An exact copy of the data below is needed; please leave out any pictures.

* _RAW DATA_:
* * * * * * * * *

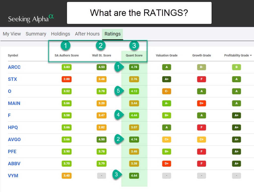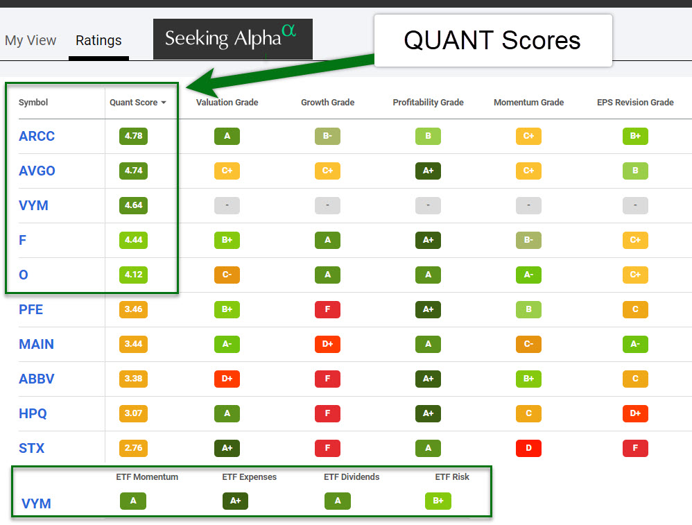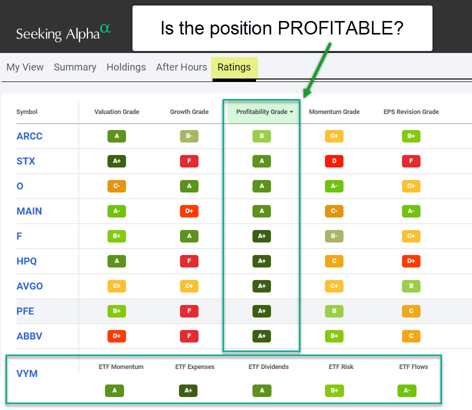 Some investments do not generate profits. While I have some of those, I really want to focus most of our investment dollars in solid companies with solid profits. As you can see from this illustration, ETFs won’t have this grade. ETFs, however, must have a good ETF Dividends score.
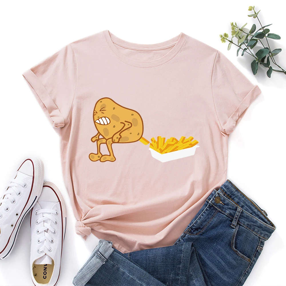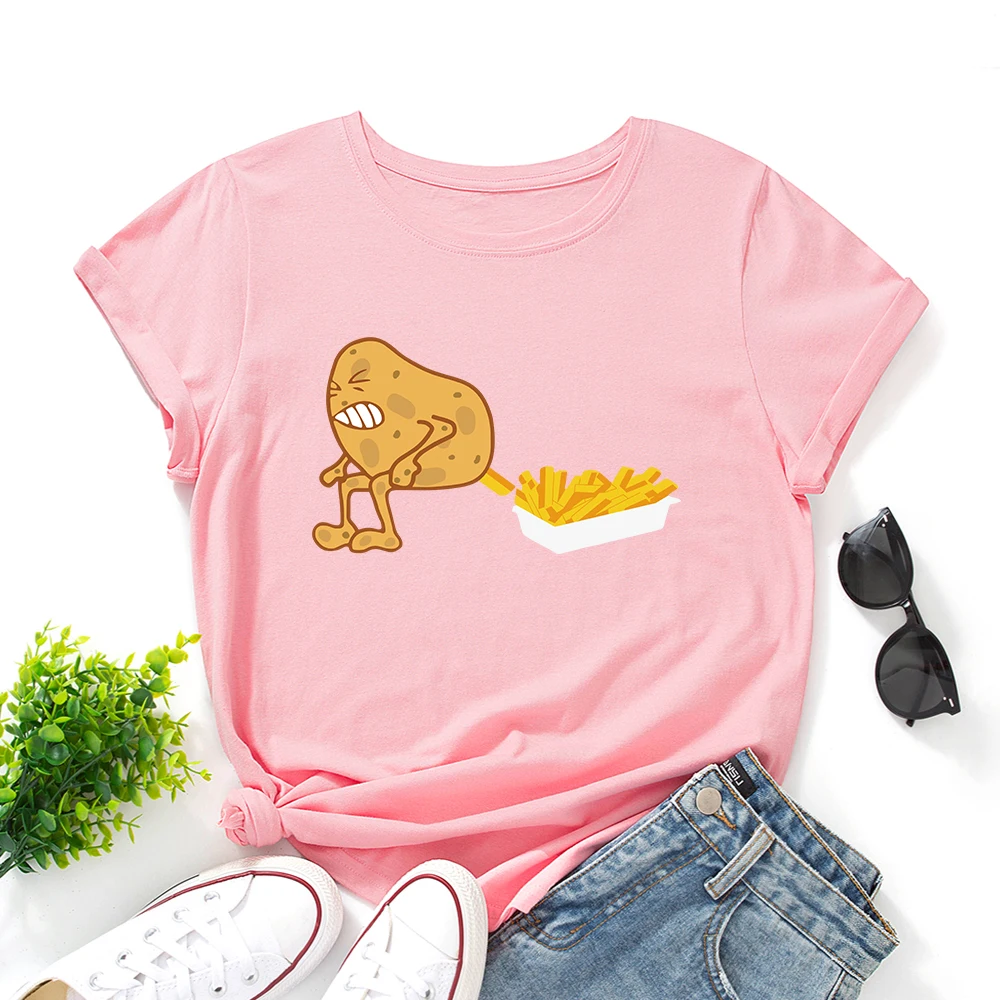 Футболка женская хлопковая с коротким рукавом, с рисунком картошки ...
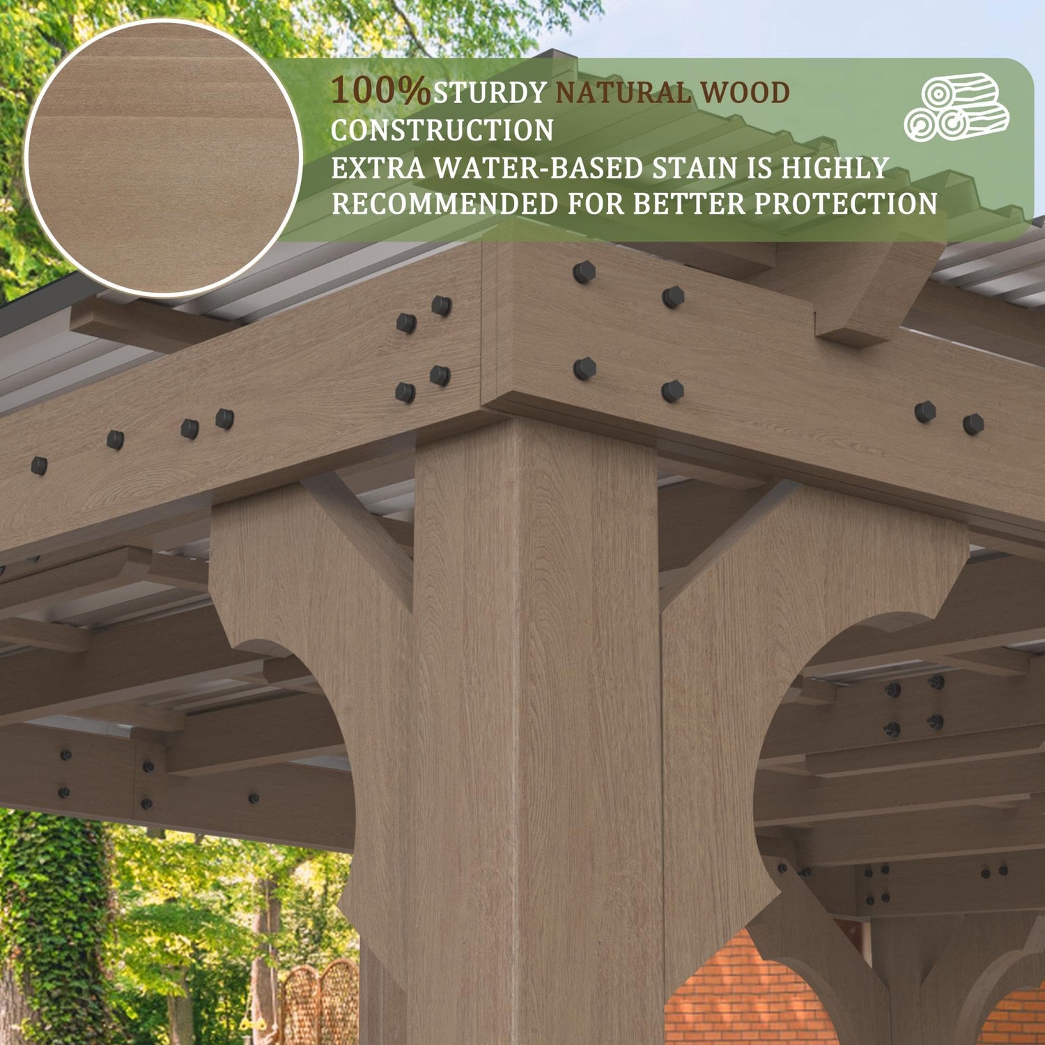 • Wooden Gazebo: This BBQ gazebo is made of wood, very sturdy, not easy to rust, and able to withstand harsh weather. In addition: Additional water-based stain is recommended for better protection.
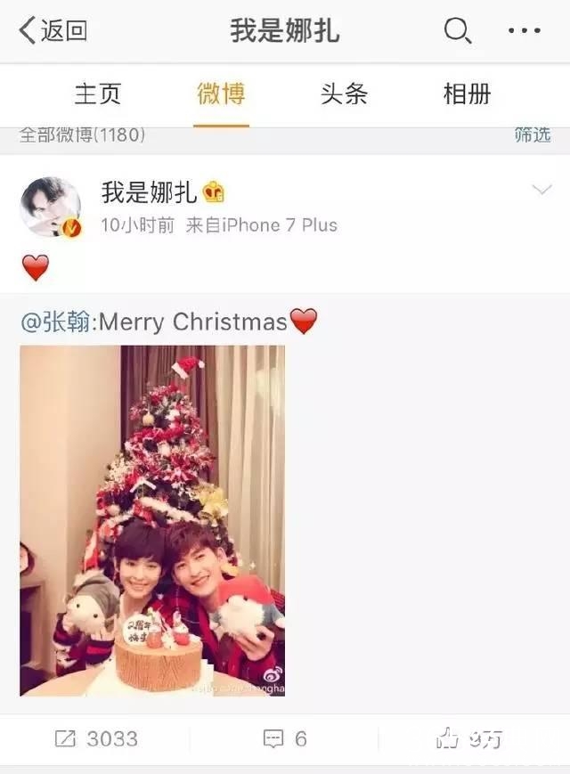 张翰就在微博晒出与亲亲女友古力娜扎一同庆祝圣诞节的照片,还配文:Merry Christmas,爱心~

* * * * * * * * *

* _RESULT OF THIS EXERCISE_:
 Some investments do not generate profits. While I have some of those, I really want to focus most of our investment dollars in solid companies with solid profits. As you can see from this illustration, ETFs won’t have this grade. ETFs, however, must have a good ETF Dividends score.
 Футболка женская хлопковая с коротким рукавом, с рисунком картошки ...
 • Wooden Gazebo: This BBQ gazebo is made of wood, very sturdy, not easy to rust, and able to withstand harsh weather. In addition: Additional water-based stain is recommended for better protection.
 张翰就在微博晒出与亲亲女友古力娜扎一同庆祝圣诞节的照片,还配文:Merry Christmas,爱心~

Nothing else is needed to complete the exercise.